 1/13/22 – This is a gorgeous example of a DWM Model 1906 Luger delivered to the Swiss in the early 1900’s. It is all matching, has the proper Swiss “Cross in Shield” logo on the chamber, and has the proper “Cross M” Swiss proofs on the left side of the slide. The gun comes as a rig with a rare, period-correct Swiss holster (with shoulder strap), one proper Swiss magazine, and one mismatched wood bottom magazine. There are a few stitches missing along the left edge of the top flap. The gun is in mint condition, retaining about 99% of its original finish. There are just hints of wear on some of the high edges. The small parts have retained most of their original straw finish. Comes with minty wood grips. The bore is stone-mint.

--

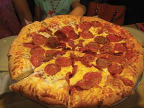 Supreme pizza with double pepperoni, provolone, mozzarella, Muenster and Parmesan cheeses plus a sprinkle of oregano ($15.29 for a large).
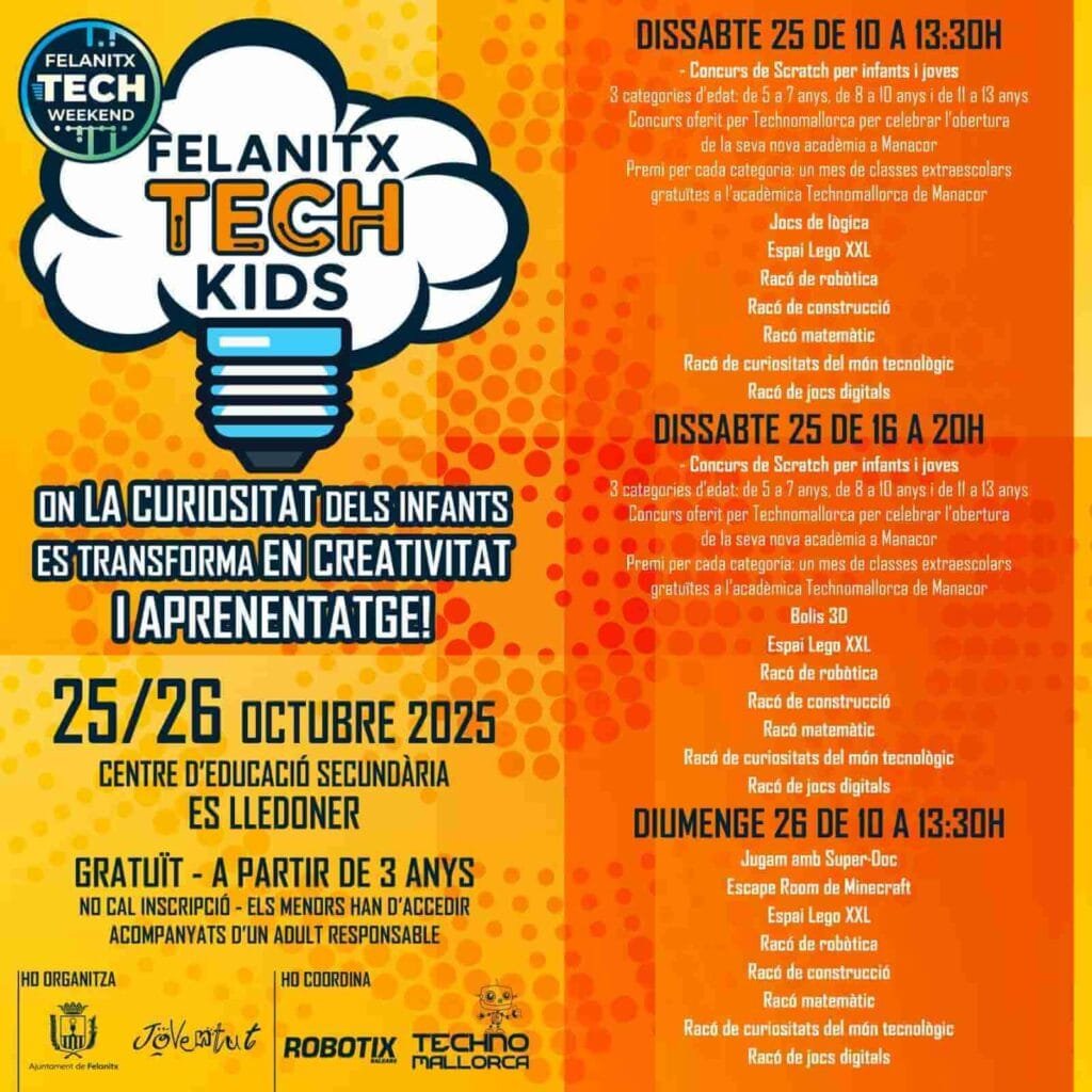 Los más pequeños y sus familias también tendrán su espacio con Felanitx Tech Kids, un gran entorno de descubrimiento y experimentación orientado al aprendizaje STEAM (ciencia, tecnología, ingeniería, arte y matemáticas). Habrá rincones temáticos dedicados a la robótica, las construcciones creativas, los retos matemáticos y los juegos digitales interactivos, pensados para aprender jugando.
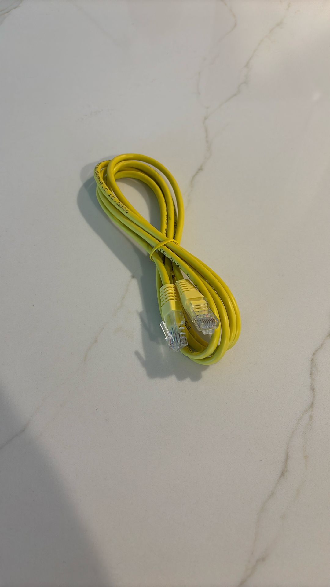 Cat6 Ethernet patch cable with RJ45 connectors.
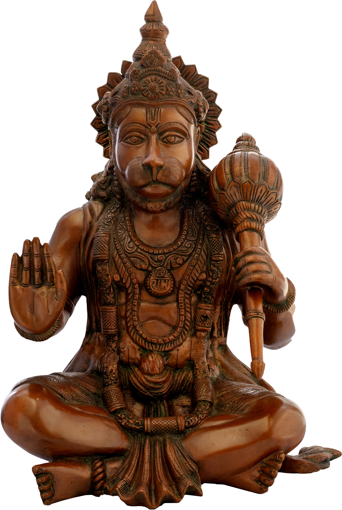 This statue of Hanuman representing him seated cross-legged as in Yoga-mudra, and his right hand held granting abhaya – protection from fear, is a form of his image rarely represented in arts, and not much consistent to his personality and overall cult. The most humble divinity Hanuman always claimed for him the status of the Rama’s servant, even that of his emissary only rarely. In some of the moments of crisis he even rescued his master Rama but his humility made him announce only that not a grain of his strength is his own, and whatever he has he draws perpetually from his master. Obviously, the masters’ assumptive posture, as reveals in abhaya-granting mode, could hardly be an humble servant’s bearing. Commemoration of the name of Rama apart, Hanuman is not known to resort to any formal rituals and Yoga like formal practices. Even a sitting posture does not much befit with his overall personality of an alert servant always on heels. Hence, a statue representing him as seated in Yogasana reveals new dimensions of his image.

[WHAT THE TASK ASKS] Copy the entries above exactly, but only the stretch from the line containing "Los más pequeños" through the line containing "Cat6 Ethernet patch". Keep both end lines; drop the pictures.

[WRITTEN ANSWER]
 Los más pequeños y sus familias también tendrán su espacio con Felanitx Tech Kids, un gran entorno de descubrimiento y experimentación orientado al aprendizaje STEAM (ciencia, tecnología, ingeniería, arte y matemáticas). Habrá rincones temáticos dedicados a la robótica, las construcciones creativas, los retos matemáticos y los juegos digitales interactivos, pensados para aprender jugando.
 Cat6 Ethernet patch cable with RJ45 connectors.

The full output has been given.